Lipsius died, aged 61, in Dresden. His friend K. E. O. Fritsch, editor of the Deutsche Bauzeiting and an enormously influential architecture critic, claimed that Lipsius' death might have been hastened by the recognition that his life's work, the Academy, was not going to have the presence he had hoped for; that indeed his critics might have been right all along.

After his death, Lipsius was succeeded as Professor of Architecture at the Academy by Paul Wallot, architect of the newly completed German Reichstag (Berlin, 1882–1894).

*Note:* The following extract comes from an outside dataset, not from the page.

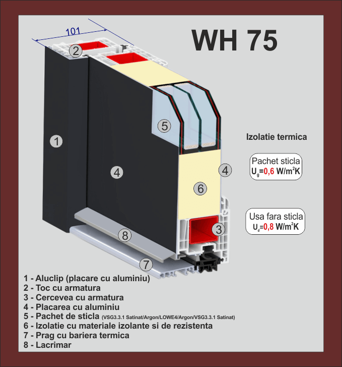 WH75 este sistemul nostru Standard, realizat dintr-o combinatie de PVC placat cu aluminiu, avand o adancime totala de 102 mm.
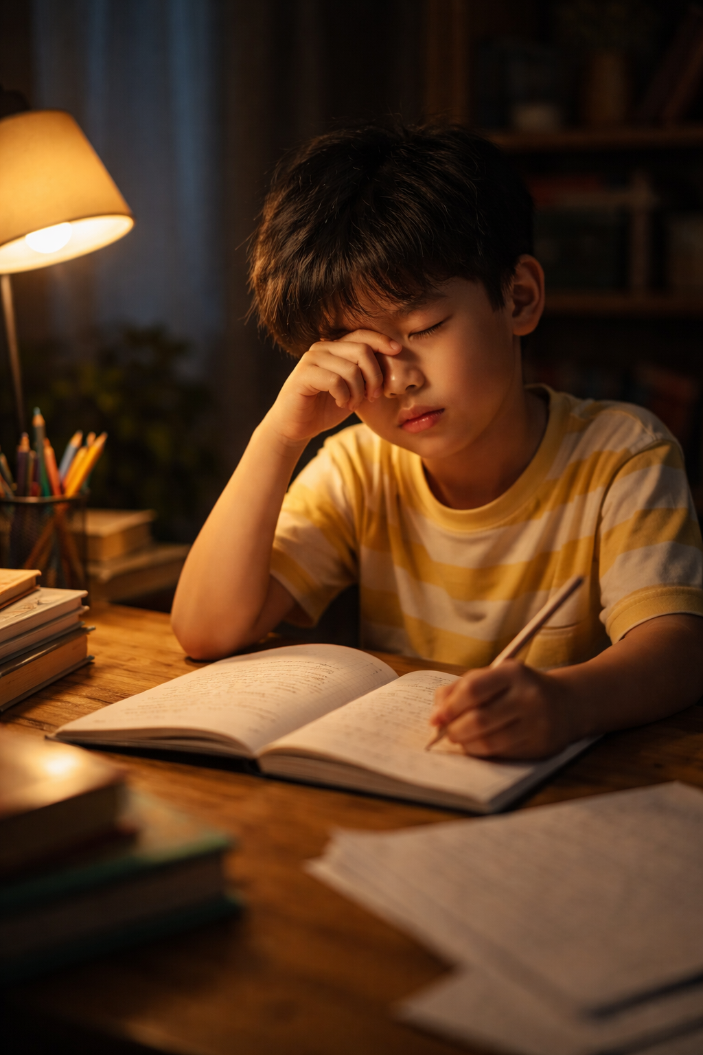 Dụi mắt liên tụcKêu mỏi mắt, cay mắt chỉ sau 20–30 phút học bài.

==Provisional list of works==

===Private commissions===
- Funerary Chapel for Baroness von Eberstein, Schönefeld (Leipzig), 1855.
- Ernst Keil Residence, Goldschmidtstraße 33 (with Oskar Mothes), Leipzig, 1860–61.
- Frege Residence, Dörrienstrasse, Leipzig, n. d.
- Schloss Wetzelstein for Frege Family, Saalfeld, n. d.
- Mirror Hall in Schützenhaus, Leipzig, 1876.
- Café Felsche (AKA Café Français), Augustusplatz, Leipzig, n. d.
- Schloss Klein-Zschocher for Baron von Tauchnitz, Leipzig, n. d.
- Frege Chapel, Abtnaudorf (Leipzig), 1888–89.
- Mausoleum for Graf von Fabrice, Dresden, 1891–93.
- Restaurant Baarmann, Katharinenstrasse, Leipzig, n .d.

===Public commissions===
- Johannis-Hospital, Hospitalstrasse, Leipzig, 1867–72.
- Stock Exchange, Chemnitz, 1864–1867.
- Exhibition Hall, Leipzig Applied Art Exhibition, 1879.
- Royal Art Academy and Exhibition Building, Dresden, 1883–1894 — Now Lipsius-Bau

===Sacred commissions===
- Church, Wachau, 1866-7
- Johanniskirche, Gera, n. d.
- Petrikirche (with August Hartel), Schletterplatz, Leipzig, 1877–1885.
- Nathanaelkirche (with August Hartel), Leipzig-Lindenau, 1882–1884.

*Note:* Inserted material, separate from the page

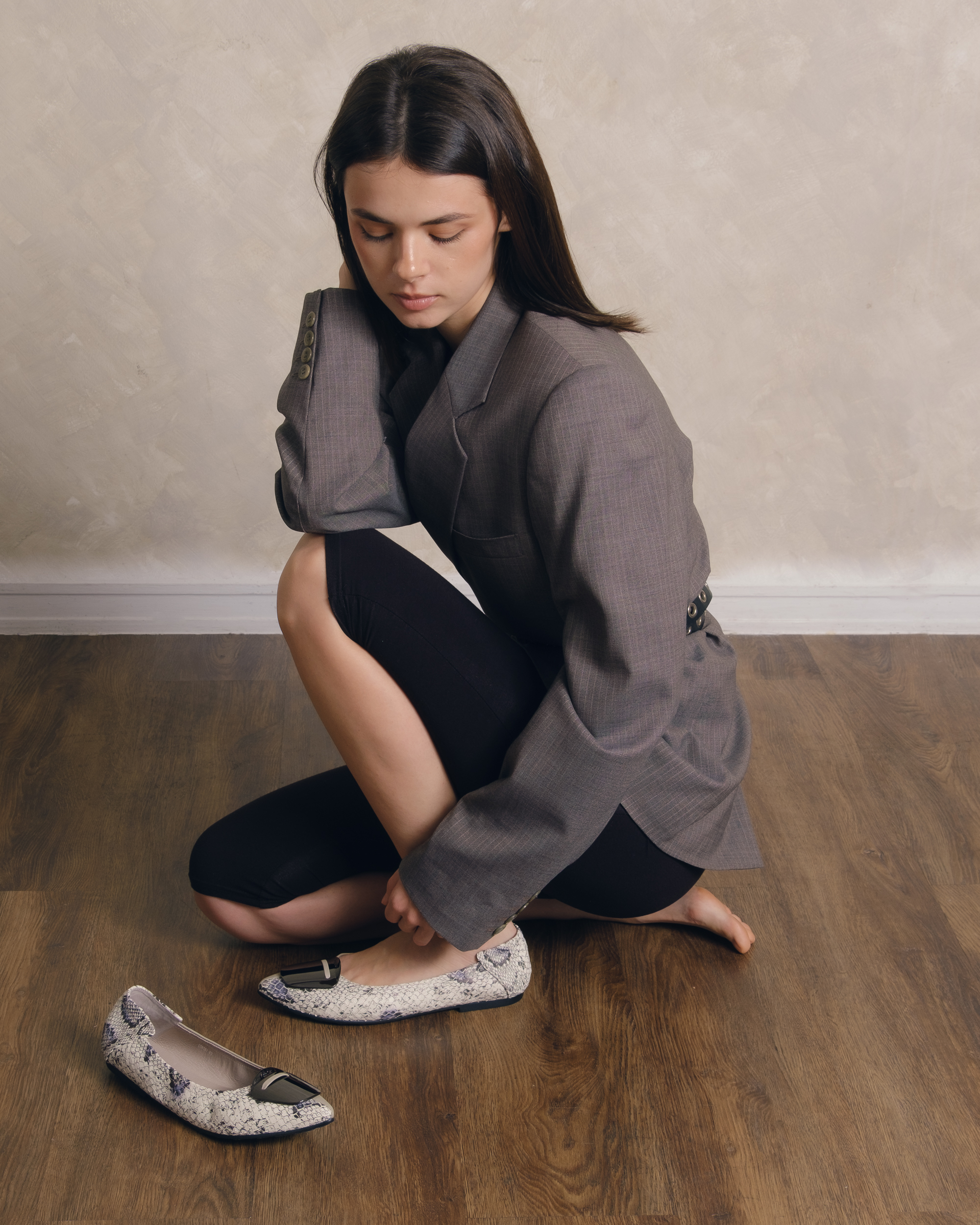 Donna pointed flat shoes with metal toe decor design, made of genuine leather, soft insole and bendable sole.

===Restoration/preservation work===
- Hotel Russie, Peterstrasse, Leipzig, n. d.
- Jacobikirche Tower, Ölsnitz i. Vogtland, 1866–68.
- Reconstruction of Borna Parish Church, Borna, 1866–68.
- Reconstruction of Tower at St. Peter's, Bautzen, n. d.
- Reconstruction/Enlargement of Schloss Hohenthal, Püchau, 1873–79.
- Reconstruction of Thomaskirche, Leipzig, 1878–89.
- Protective Porch added to the Goldene Pforte, Freiburg, 1883–89.

===Competitions===
- Munich Town Hall, 1866.
- Royal Art Academy Dresden, 1867 (Motto: "D. K. J. K.").
- First Reichstag Competition, Berlin, 1872.
- St. Gertrude's, Hamburg, 1880.
- Second Reichstag Competition (with August Hartel), Berlin, 1882 (Motto: "Das ist's").